Lembaga Kebudayaan Rakyat (Lekra): Pengertian, Latar Belakang, Sejarah, dan Pembubarannya
Pengertian Lembaga Kebudayaan Rakyat (Lekra)
Lembaga Kebudayaan Rakyat atau dikenal dengan akronim Lekra, adalah sebuah organisasi kebudayaan yang didirikan pada 17 Agustus 1950 oleh tokoh pimpinan Partai Komunis Indonesia (PKI), D.N. Aidit dan Njoto, bersama dengan penulis M.S. Ashar dan A.S. Dharta. Beberapa tokoh yang terkenal dalam anggota Lekra adalah Pramoedya Ananta Toer, Rivai Apin, Affandi, dan lain-lain.
Baca Juga: D.N. Aidit: Biografi dan Perjalanan Hidupnya
Organisasi kebudayaan ini merupakan respons terhadap kelompok budaya “Gelanggang” yang di awal tahun 1950 menerbitkan sikap kebudayaan mereka dalam “Surat Kepercayaan Gelanggang” sebagai pewaris kebudayaan dunia. Berbeda dengan Seniman Gelanggang, Lekra mengusung konsep kebudayaan kerakyatan.

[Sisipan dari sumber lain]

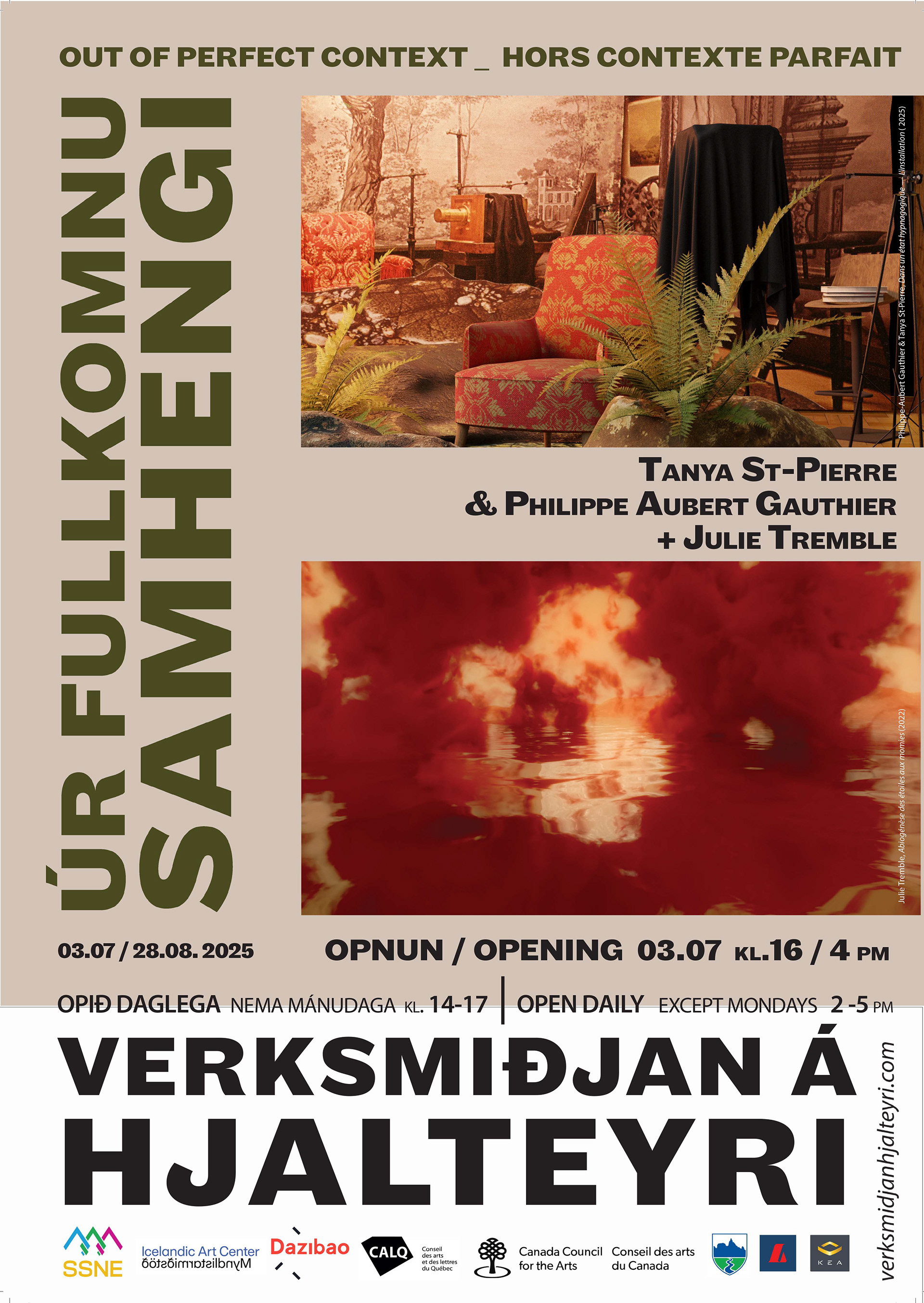 An initiative developed in collaboration between Dazibao (Montréal, Canada) and Factory (Hjalteyri, Iceland), Out of Perfect Context plays upon apparent incompatibilities and accentuated decontextualization to explore new forms of collaboration and exhibition-making. Starting from our relationship with nature and the role it plays in culture, the project proposes a meeting between urbanism and wide-open landscapes, image-making practices drawn from reality and others created entirely digitally, as well as an intersection, a confrontation even, between a fragile, endangered nature and an idealized, magnified nature. Two exhibitions will be presented, one at Dazibao, featuring works by Gústav Geir Bollason and Thorbjörg Jónsdóttir, and the other at Factory, featuring works by Julie Tremble and the duo Philippe-Aubert Gauthier and Tanya St-Pierre.
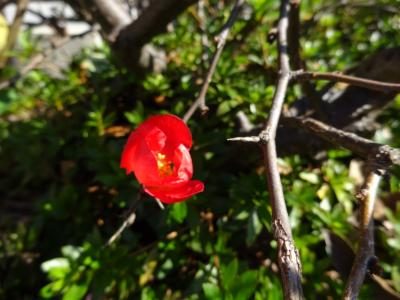 木瓜の花の狂い咲きウッシッシ (顔)手 (チョキ)
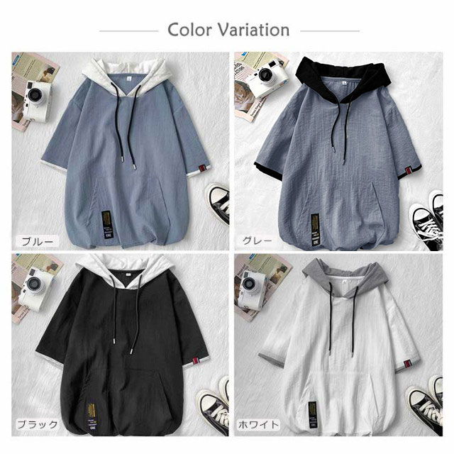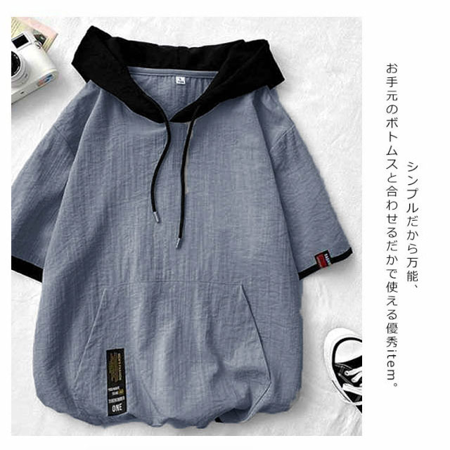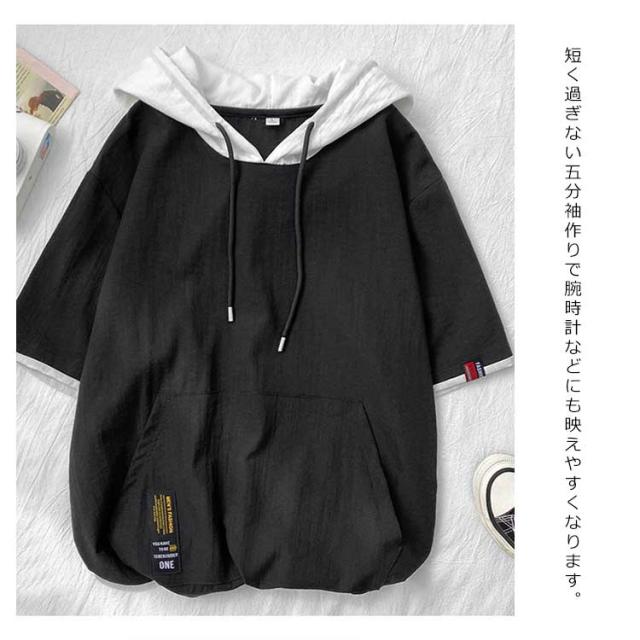 全4色×5サイズ!夏服 5分袖パーカー Tシャツ パーカー メンズ 五分袖 トップス フード付きTシャツ フード付きパーカー カジュアル プルオーバー 夏 春夏 冷感素材 涼しい送料無料
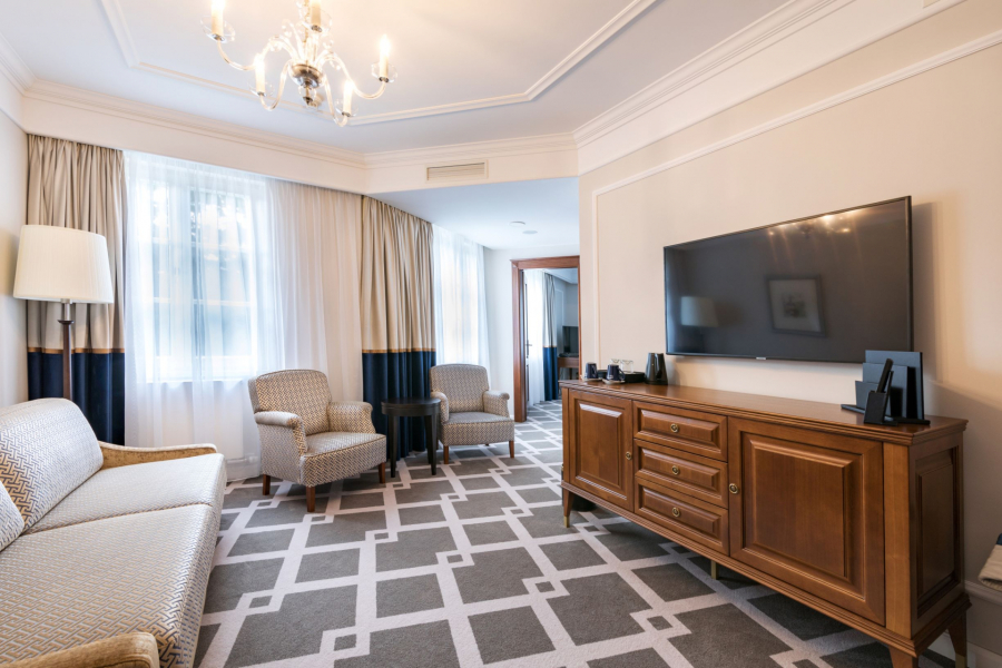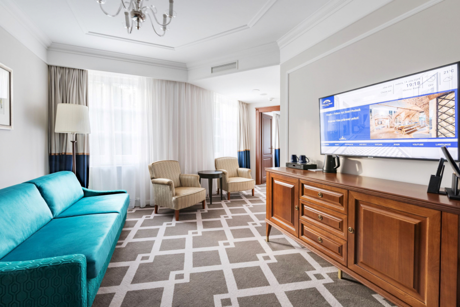 Elegantné súkromie s rozlohou 55m2 s luxusnou obývačkou a spálňou to je príjemné bývanie na zámku. Výhľad vám dodá energiu prírody v každom čase. Vankúše a paplóny s antialergickou úpravou husacieho páperia a peria a luxusné postele a matrace zaručia príjemný a výdatný spánok. Priestranná kúpeľňa s veľkou sprchou poskytuje dostatok pohodlia na relax.
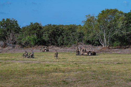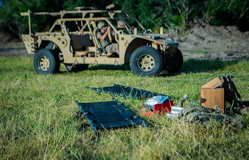 Medical equipment lay on a field for joint training exercises with U.S. Air Force Special Tactics Airmen from the Expeditionary Special Tactics Squadron Africa and medical personnel with the 475th Expeditionary Air Base Squadron (EABS) at Camp Simba, Kenya, Aug. 24, 2021. The 475th EABS medics received tactical vehicle training and practiced life-saving tactical combat casualty care techniques.
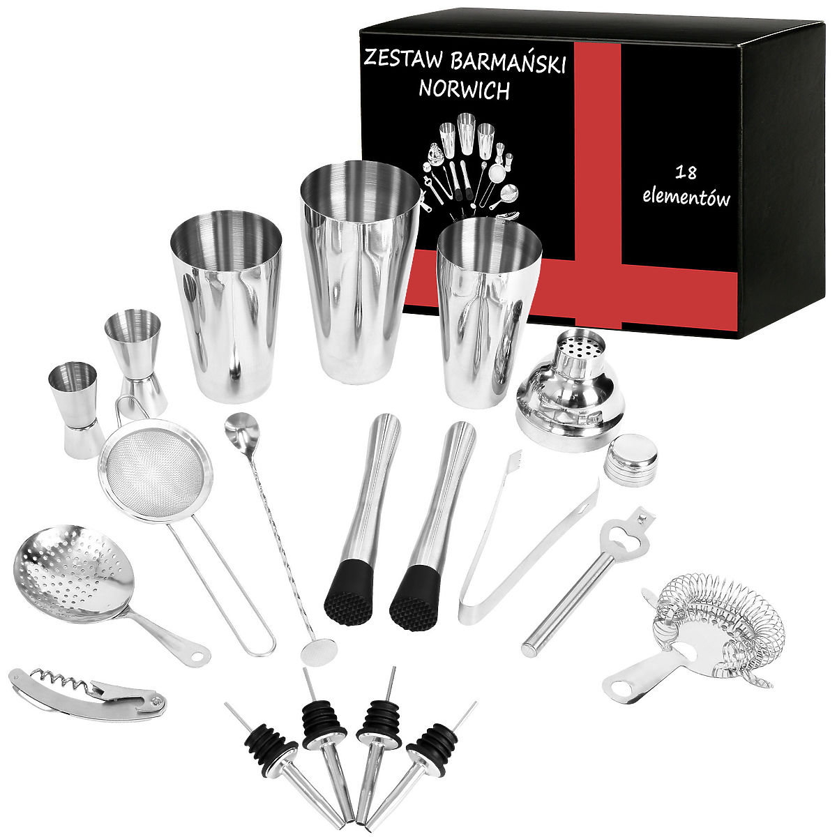 Hochwertiges Barkeeper-Set aus Edelstahl. Enthält alles Notwendige - Boston Shaker, Cobbler, Messbecher, Ausgießer und mehr. Detaillierte Liste unten. Das gesamte Set ist aus Edelstahl gefertigt, wodurch die Getränke ihren einzigartigen Geschmack behalten. Das Set kann bequem in der Spülmaschine gereinigt werden. Empfohlen als Geschenk.

Kongres Nasional pertama Lekra, yang memilih susunan pengurus, diadakan pada tahun 1959. Pada tahun-tahun 1950-an awal, Lekra telah memiliki 21 cabang. Pada tahun 1963 Lekra tercatat telah memiliki 200 cabang dengan anggotanya mencapai 100.000 orang.
Sejak tahun 1952, Lekra telah secara aktif mengulas berbagai tema kebudayaan di koran Harian Rakjat, koran resmi PKI, dalam “Ruangan Kebudayaan” dan majalah bulanan Zaman Baru yang terbit tahun 1956. Sementara itu penerbitan buku dan pamflet baru dimulai belakangan yaitu pada 1959.
Latar Belakang Lembaga Kebudayaan Rakyat (Lekra)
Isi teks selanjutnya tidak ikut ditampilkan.